#### Goal of the exercise
Exact reproduction is required for the lines below starting at the line with "- Lieferumfang 1" and ending at the line with "Es handelt sich", both included. No other lines, and no pictures.

#### Data excerpt
◇ ◇ ◇ ◇

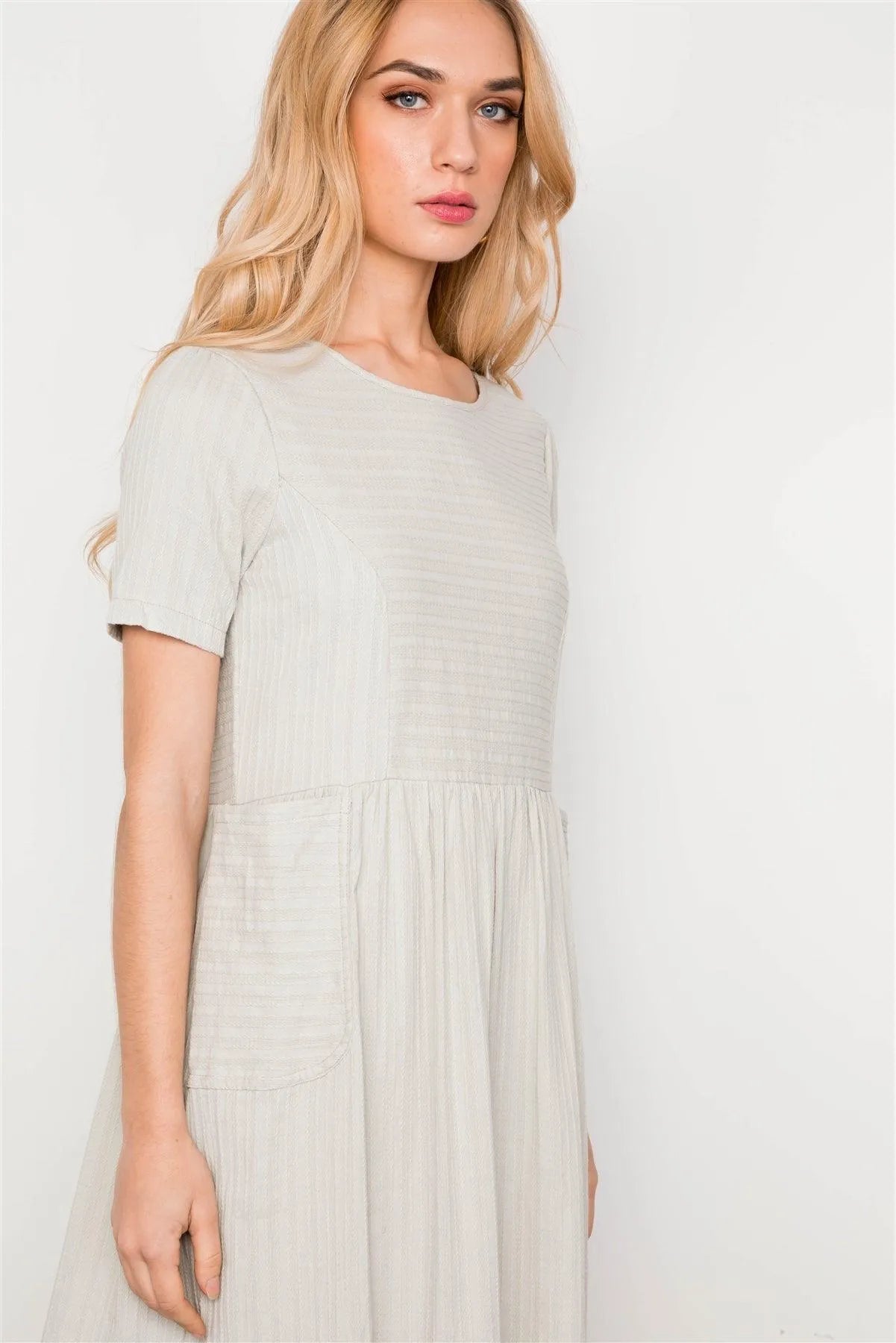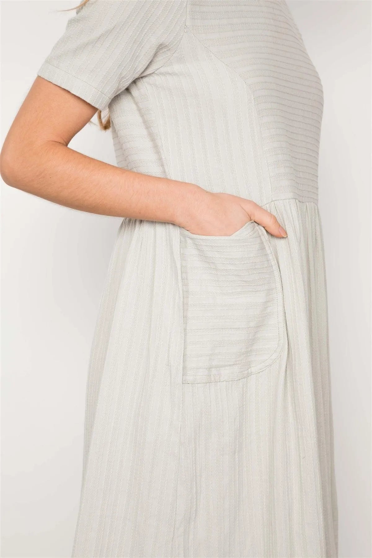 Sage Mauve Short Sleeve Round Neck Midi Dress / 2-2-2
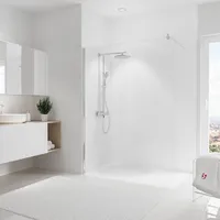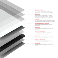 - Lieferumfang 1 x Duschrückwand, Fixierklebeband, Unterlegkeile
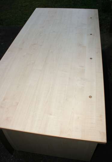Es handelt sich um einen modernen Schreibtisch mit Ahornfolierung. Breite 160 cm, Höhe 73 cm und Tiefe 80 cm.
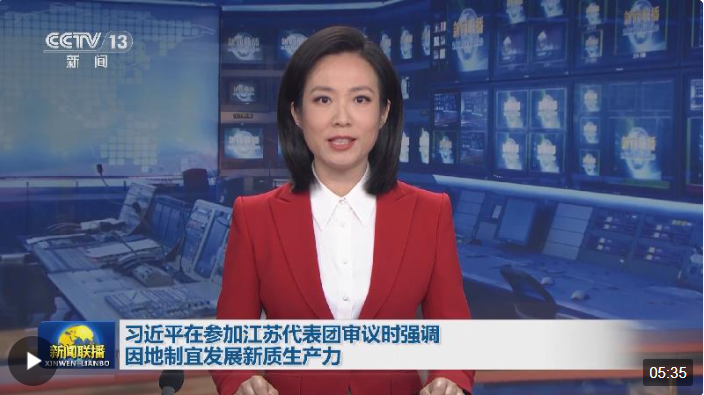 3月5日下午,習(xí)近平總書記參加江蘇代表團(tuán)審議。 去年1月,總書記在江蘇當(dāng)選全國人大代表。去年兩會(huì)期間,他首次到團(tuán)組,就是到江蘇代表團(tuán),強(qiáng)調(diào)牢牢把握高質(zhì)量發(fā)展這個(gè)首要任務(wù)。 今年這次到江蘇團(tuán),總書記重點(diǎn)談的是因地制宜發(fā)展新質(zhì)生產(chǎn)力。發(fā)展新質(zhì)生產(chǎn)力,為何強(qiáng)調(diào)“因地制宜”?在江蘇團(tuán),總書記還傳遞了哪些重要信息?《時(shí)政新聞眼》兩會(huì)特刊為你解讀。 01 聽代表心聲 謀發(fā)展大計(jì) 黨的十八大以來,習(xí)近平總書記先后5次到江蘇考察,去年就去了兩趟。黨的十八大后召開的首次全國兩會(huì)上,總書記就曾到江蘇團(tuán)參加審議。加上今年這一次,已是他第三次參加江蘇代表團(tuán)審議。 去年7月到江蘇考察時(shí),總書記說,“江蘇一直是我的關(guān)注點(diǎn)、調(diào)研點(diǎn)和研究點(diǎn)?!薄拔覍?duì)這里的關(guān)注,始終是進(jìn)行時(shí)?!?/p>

◇ ◇ ◇ ◇

#### Written response
 - Lieferumfang 1 x Duschrückwand, Fixierklebeband, Unterlegkeile
Es handelt sich um einen modernen Schreibtisch mit Ahornfolierung. Breite 160 cm, Höhe 73 cm und Tiefe 80 cm.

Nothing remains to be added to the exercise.